Can one make a random entry, if it starts moving in the right direction, hold for profits? If so, what good is knowing the past moves? random entry meaning paying no attention to the past moves. is this trend following? surf
You have to separate the retail investor from the institutional investor. True the retail investor probably doesn't know the value but I can assure you the institutional investor does know. Now how can we use this? We trade in the direction of the instituional investor(the trend) for as we so choose. We exit on strength and return on weakness.
interesting. I agree with the first line....However not with the rest of your statement. Institutional investors dont always make winning trades. See JWH over the last several years, etc. The retail guy following JWH's trades would have been wiped out multiple times. You are talking about sub trends in the last line??
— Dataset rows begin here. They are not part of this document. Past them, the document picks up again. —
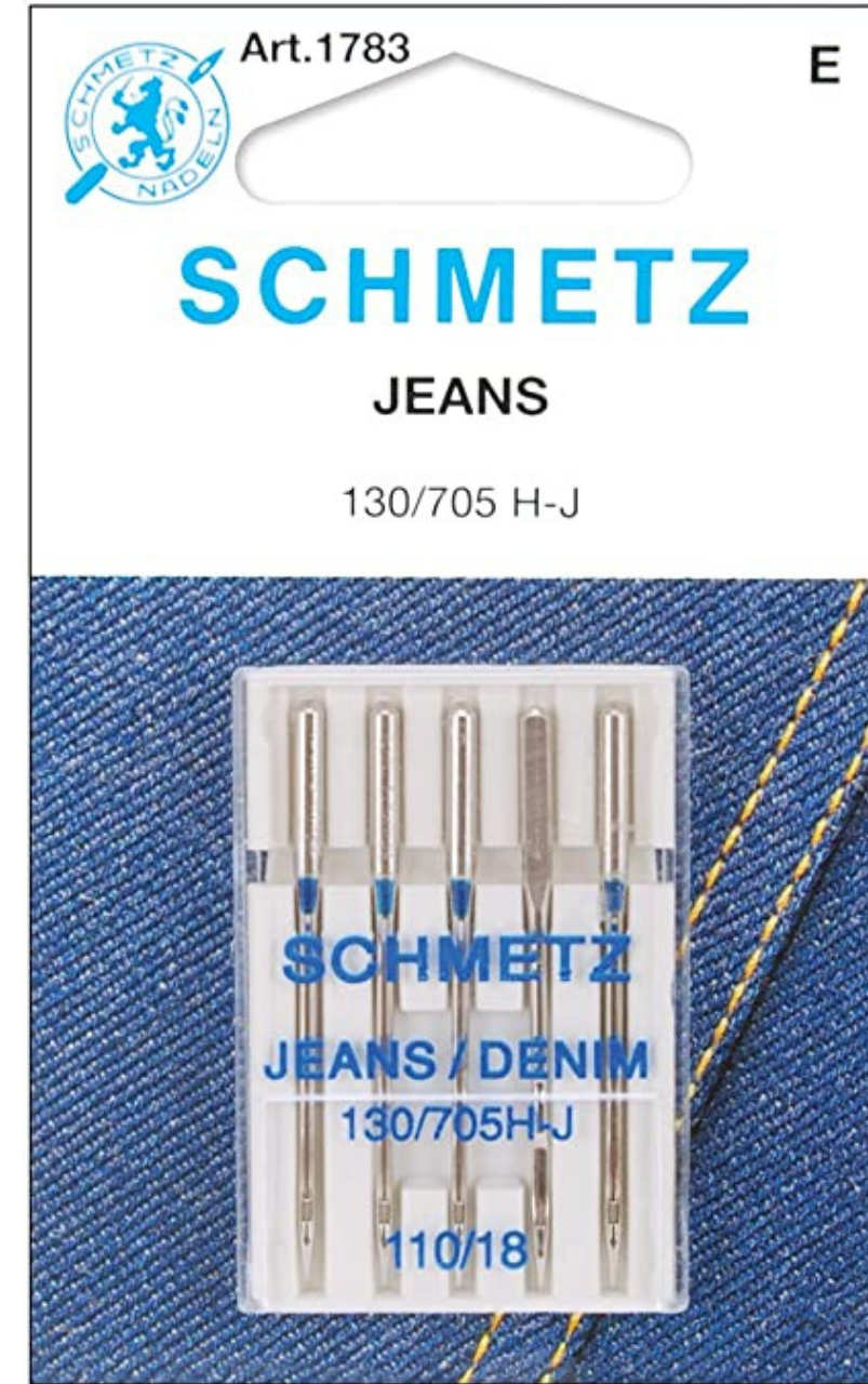
Schmetz Jeans Needle
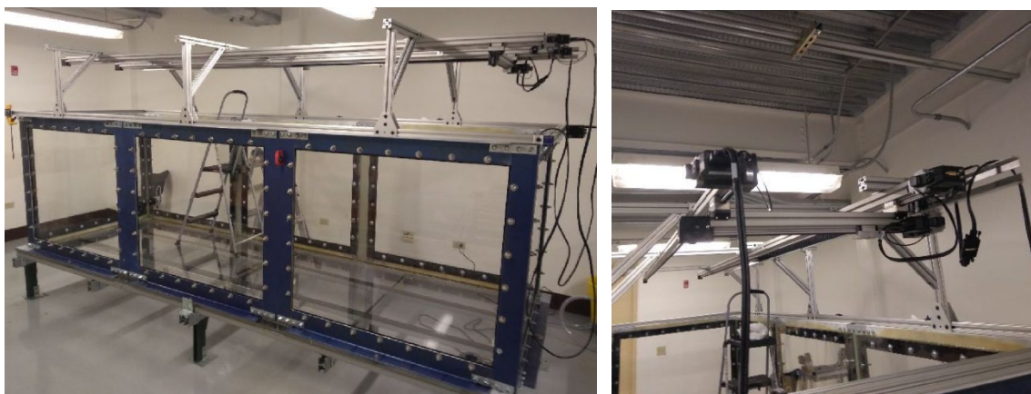
Figure 1. Multi-use testing tank installed at SUPR Lab. The tank has dynamic model positioning capabilities and allows for visual access from all sides for flow measurement/filming.

Both the Fluid-Structure Interaction and Nonlinear Dynamics Laboratory and the SUPR Lab are collocated at the UH Marine Center with shared physical space and facilities.
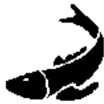
13 – Large Fish
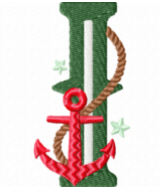
File: I Stitched 3 Inch.jef Stitches: 5477 Size: 39.2x76.4 mm

There is more than one trend and perhaps that is why there is so much confusion. Every entity has a long , intermediate, and short term trend. If you trade nothing but short term trends you will most likely lose. You should always trade the trend one step above. If you are a short term trader you need to trade in the direction of the intermediate trend. If you are an intermediate term trader you must trade in the direction of the long term trend etc. Sorry, but it works. Add sector analysis to it and you increase your odds even more.
why? my understanding of trend following is that one waits for the trend to change prior to closing the position. JWH has been waiting a long long time for an example. Watch the leading evangelist of trend following preach the gospel: http://www.youtube.com/watch?v=49aRW-d1-hE If you want to change the method, you should call it something else. regards
Yes it does work. I think some people are just better at it than others. That the majority cannot do it should not negate it. Marketsurfer seems to be making a point that most trendfollowers lose when chasing momentum. That is true too.
Absolutely because when one can define a current trend, part of that trend is the pullback in that trend. In a Bull Trend, price has to make a support oscillation that is a HL so it can to back up and make a new (HH) resistance top and continue that current trend. This sustains that trend. In a Bear Trend, price has to make a resistance oscillation that is a LH so it can to back down and make a new (LL) support bottom and continue that current trend. This sustains that trend. We all, even smurf, understand that a Bull Trend is price making HH/HL/HH/HL/HH etc. and a Bear Trend is price making LH/LL/LH/LL/LH etc. but the rub is that most traders, because they can't define specific parameters that make up "A" trend, forget that the pull back in the trend is as important as the trend itself because IT IS what SUSTAINS the TREND.
If you believe that momentum EXISTS within the market then you have to believe that trend following can work. Trend following is nothing more than a form of long term momentum.